April 19, 2024

American Heart Association Proposes Change to Salt’s GRAS Status

The American Heart Association has commented on the FDA’s proposal to reduce American consumer’s sodium consumption with an interesting twist. That organization would like to see salt’s status as a “safe ingredient” modified. The AHA would also like to see more limits put on the process that lets food companies make their own GRAS determinations.

The GRAS List

GRAS stands for Generally Regarded As Safe. That list of food additives was developed in 1958 as an amendment to the 1938 Federal Food, Drug, and Cosmetics Act. It distinguishes between new additives that need FDA approval before use, and additives and ingredients that have been used for years and are deemed safe “with a consensus of expert opinion” and “reasonable scientific certainty that the substance is harmless when used as intended.” Ingredients such as salt and sugar are on the GRAS list.

SaltThat sounds reasonable, but some substances that have been on the GRAS list since 1958 have since been banned. For instance, cyclamates were on the original 1958 GRAS list. They were banned in 1969 when they were shown to be carcinogenic in rats.

Another substance, monosodium glutamate (MSG) is on the GRAS list, although many people have adverse physical reactions to that ingredient. In 2003, the government started requiring that MSG be listed on food labels so consumers could avoid it.

The Salt Issue

In its comment, the AHA stated that experts think sodium, one of the two components of salt, “has negative health consequences”, so it “does not meet the ‘safe’ requirement.” The AHA states:

“The main reason people continue to consume too much sodium is because there is too much salt added to the food supply… 77% of sodium in the diet comes from salt added to processed foods, beverages, and restaurant foods. Even fresh meats are being injected with sodium to add weight and moisture.”

The ubiquitous nature of sodium in processed foods makes it very difficult for consumers to control the amount of sodium they consume. The AHA believes that an overall reduction in sodium content in the food supply is necessary. One way to accomplish that is to change salt’s GRAS status.

Salt was one of the GRAS substances that the FDA thought about reviewing in 19. The Select Committee on GRAS Substances said at that time that, “It is the prevalent judgment of the scientific community that consumption of sodium chloride in the aggregate should be lowered.” The FDA took no action then.

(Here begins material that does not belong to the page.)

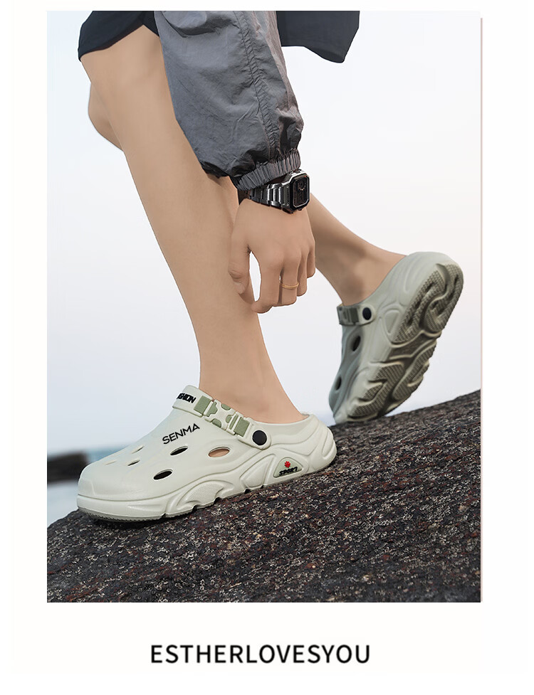 森馬洞洞鞋男2026新款夏季外穿防滑防臭包头拖鞋两用开车运动沙滩凉鞋 绿色【基础款】 38-39 现货秒发
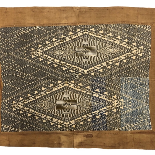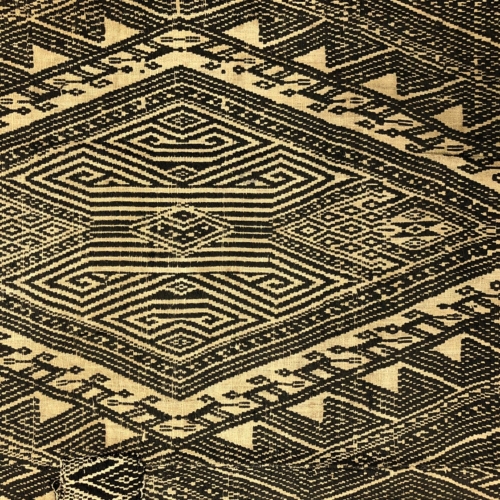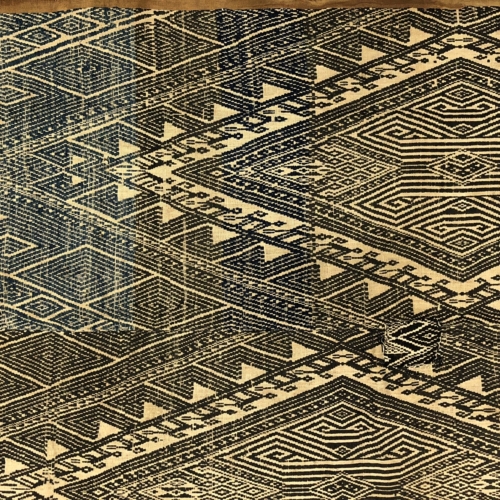 Although the majority of the population of modern Vietnam is ethnic Vietnamese there are many tribes of other ethnicities, each with its own language and culture, completely separate from the Vietnamese cultural majority. One of those ethnic minorities, as they are called in Vietnam is the Tay. A subgroup of the Tay are the “Black Tay”, residing in the mountains of Northern Vietnam. Their signature handwoven blanket, is used for warmth during the rainy season, the winter, of Vietnam, where temperatures can get well below freezing. Their textiles are most commonly recognized by their diamond shaped patterns. With a stunning central woven panel of natural black and white cotton, consisting of two bands each roughly 13″ wide. Many blankets in their full form will have a border around the central panel to increase its size. Sometimes the border may be removed before selling, or replaced with a newer border when the previous one gets old. The approximate age is over 40 years, which is sometimes quite evident by patches of fading color or repairs of different colored threads5 This blanket measures 63″ x 44″ (160cm x 112cm). Interior dimensions measure 47″ x 33″ (119cm x 84cm)

In 1978, the Center for Science in the Public Interest (CSPI) asked the FDA to revoke sodium’s GRAS status and wanted the government to regulate that ingredient as a food additive. The FDA declined to do so that that time, but stated that “if the sodium content of processed food was not ‘substantially reduced’ it would consider … changing salt’s GRAS status.” The CSPI also petitioned the FDA in 2011 to regulate salt in processed foods.

There are some voluntary “sodium reduction efforts” currently taking place in the food industry and restaurant industry. But the AHA thinks those efforts do not go far enough, partially because food companies often manufacture the same product with less salt for markets outside the United States.

And mandatory regulations for salt content restriction are 20 times more effective than voluntary restrictions, according to a 2010 study published in the Journal Heart. In Britain, for instance, the United Kingdom’s Consensus Action on Salt and Health has reduced sodium consumption by 10% within five years.

The AHA would like to see the FDA reduce sodium content in processed foods over a period of years to let companies and restaurants adapt. Intermediate limits could be set until an ideal limit is reached.

The Self-Affirming Issue

One problem with the system, as it stands now, the AHA says, is that food manufacturers are allowed to self-affirm a GRAS designation and are not required to inform the FDA about that designation. The AHA would like to see the GRAS process strengthened.

The AHA stated:

“Food manufacturers make their own GRAS determinations. If a manufacturer determines that a use of a substance is GRAS as set forth in the FDA regulations, it does not need to seek premarket approval from the FDA to use the substance in that way.

We are further concerned that manufacturers may choose – but are not required – to notify the FDA of their GRAS determination. If manufacturers choose not to submit notifications to the Agency, the FDA will, in general, have no information about those GRAS determinations.

Another weakness in the GRAS process is that there is no mechanism for systematically ensuring the independence and sufficiency of the expert determinations that companies may rely on for their GRAS determinations.”

The Government Accountability Office (GAO) published a report in 2010 that echoes these concerns. The AHA would like to see random audits and guidance for documenting GRAS determinations, along with requirements for FDA notification.